The KAPD was unable to reach even its founding congress prior to suffering its first split when the so-called National Bolshevik tendency around Fritz Wolffheim and Heinrich Laufenberg appeared (this tendency has no connection with modern political tendencies in Russia which use the same name). More seriously, the KAPD lost most of its support very rapidly as it failed to develop lasting structures. This also contributed to internecine quarrels and the party actually split into two competing tendencies known as the Essen and Berlin tendencies to the historians of the left.

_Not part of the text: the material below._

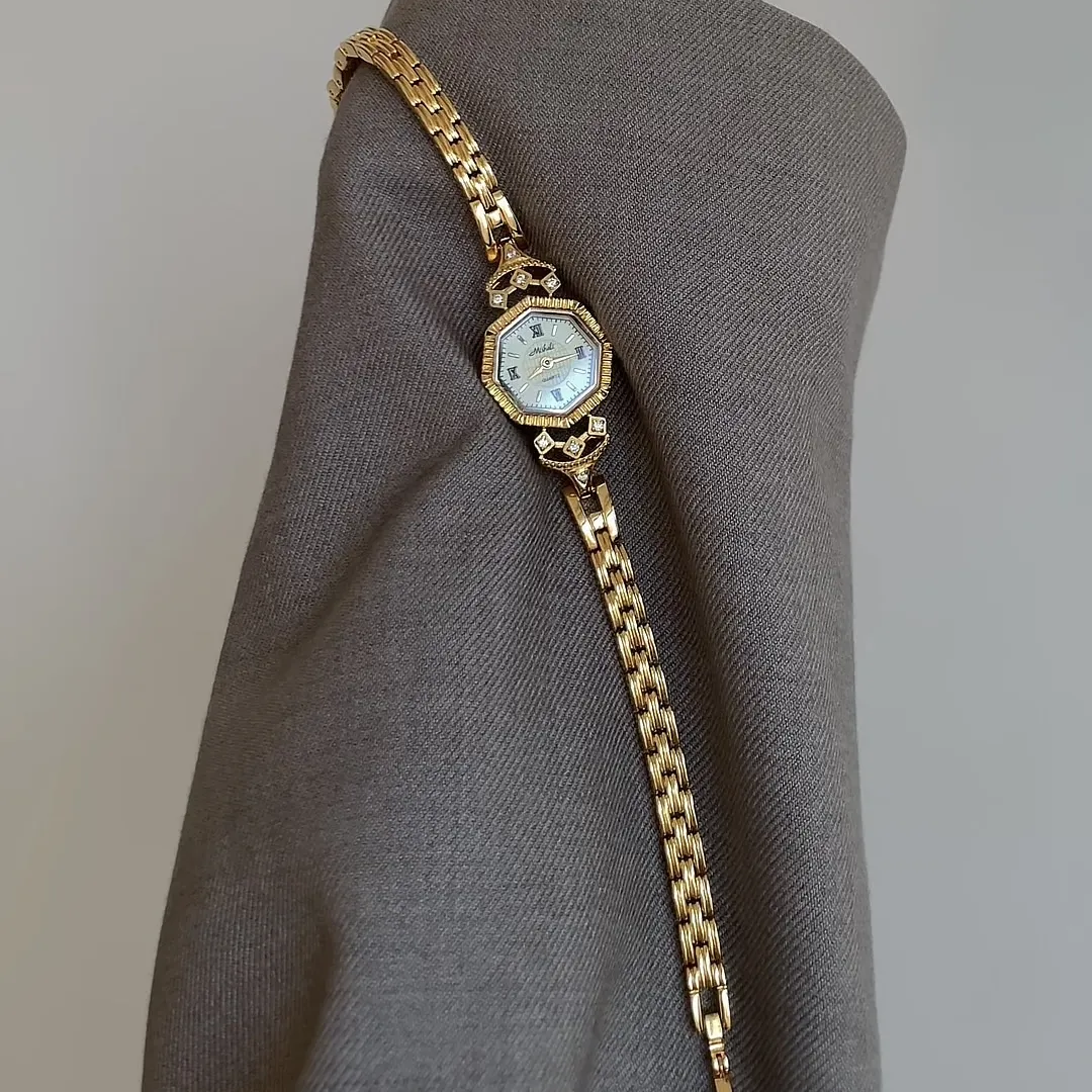 Reloj de cuarzo femenino: pulsera de oro de inspiración vintage con dial octogonal

The recently established Communist Workers International (KAI) split on exactly the same lines as did the tiny Communist Workers Party of Bulgaria. The only other affiliates of the KAI were the Communist Workers Party of Britain led by Sylvia Pankhurst, the Communist Workers Party of the Netherlands (KAPN) in the Netherlands and a group in Russia. The AAU-D split on the same lines and it rapidly ceased to exist as a real tendency within the factories.

Left communism and the Communist International 

Left communists generally supported the Bolshevik seizure of power in October 1917 and entertained enormous hopes in the founding of the Communist International, or Comintern. In fact, they controlled the first body formed by the Comintern to coordinate its activities in Western Europe, the Amsterdam Bureau. However, this was little more than a very brief interlude and the Amsterdam Bureau never functioned as a leadership body for Western Europe as was originally intended. The Vienna Bureau of the Comintern may also be classified as left communist, but its personnel were not to evolve into either of the two historic currents that made up left communism. Rather, the Vienna Bureau adopted the ultra-left ideas of the earliest period in the history of the Comintern.

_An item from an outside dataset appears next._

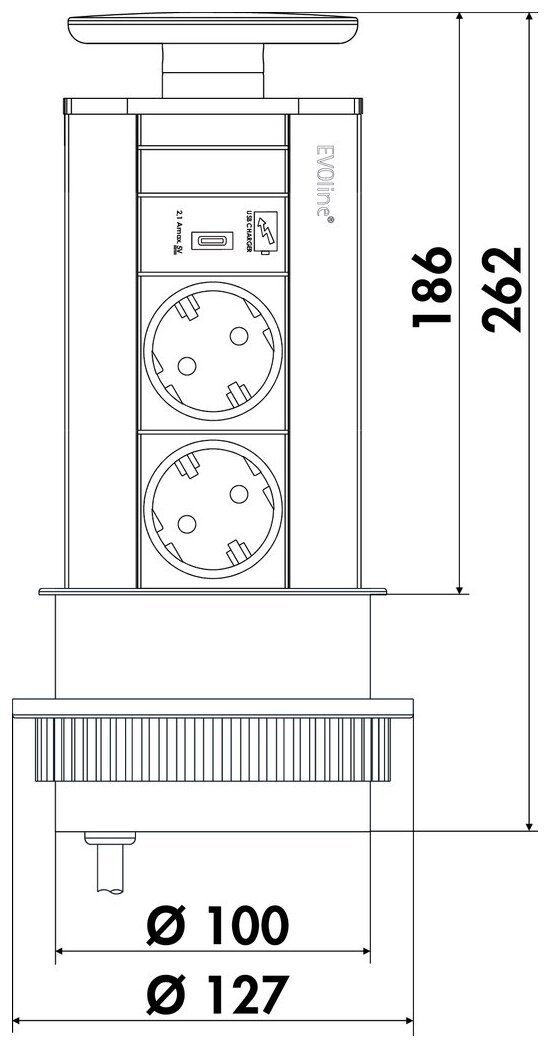 Energy box. Concealed. With 2 sockets and 1 USB charger (charging station) for wall-mounted cabinets or worktops. Easy, guided extraction thanks to an easy-to-press button which also guides the cable neatly when reclosing.

Left communists supported the Russian revolution, but did not accept the methods of the Bolsheviks. Many of the Dutch–German tradition adopted Rosa Luxemburg's criticism as outlined in her posthumously published essay entitled The Russian Revolution. In this essay, she rejected the Bolshevik position on distribution of land to the peasantry and their espousal of the right of nations to self-determination which she rejected as historically outmoded. The Italian left communists did not at the time accept any of these criticisms and both currents would evolve.

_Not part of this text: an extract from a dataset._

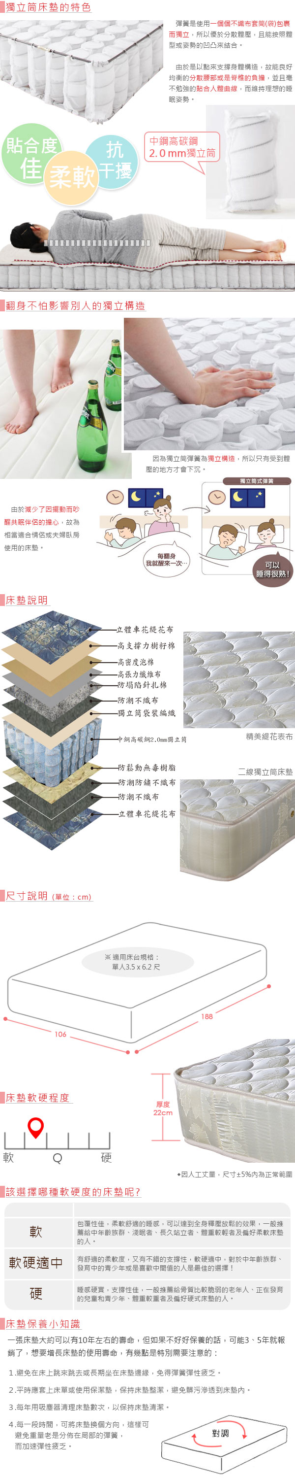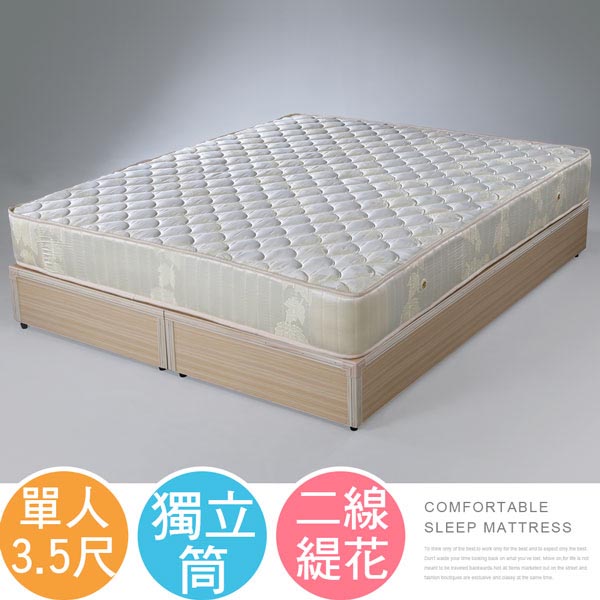 表布為精緻舒適的緹花布,做工精緻;材質使用中鋼2.0mm高碳鋼獨立筒,耐用度佳,獨立筒設計,抗干擾,起身、翻身也不怕影響身邊人,對於偏好睡舒適柔軟床墊的人,獨立筒床墊是您的最佳選擇!

To a considerable degree, Lenin's well known polemic Left-Wing Communism: An Infantile Disorder is an attack on the ideas of the emerging left communist currents. His main aim was to polemicise with currents moving towards pure revolutionary tactics by showing them that they could remain based on firmly revolutionary principles while utilising a variety of tactics. Therefore, Lenin defended the use of parliamentarism and working within the official trade unions.

As the Kronstadt rebellion occurred at a time when the debate on tactics was still raging within the Comintern, it has been wrongly seen as being left communist by some commentators. In fact, the left communist currents had no connection with the rebellion, although they did rally to its support when they learned of it. In later years, the German–Dutch tradition in particular would come to see the suppression of the revolt as the historic turning point in the evolution of the Russian state after October 1917.

1939–1945 

Many small currents to the left of the mass communist parties collapsed at the beginning of World War II and the left communists were initially silent too. Despite having foreseen the war more clearly than some other factions, when it began they were overwhelmed. Many were persecuted by either German Nazism or Italian fascism. Leading militants of the communist left such as Mitchell, who was Jewish, were to die in the Buchenwald concentration camp.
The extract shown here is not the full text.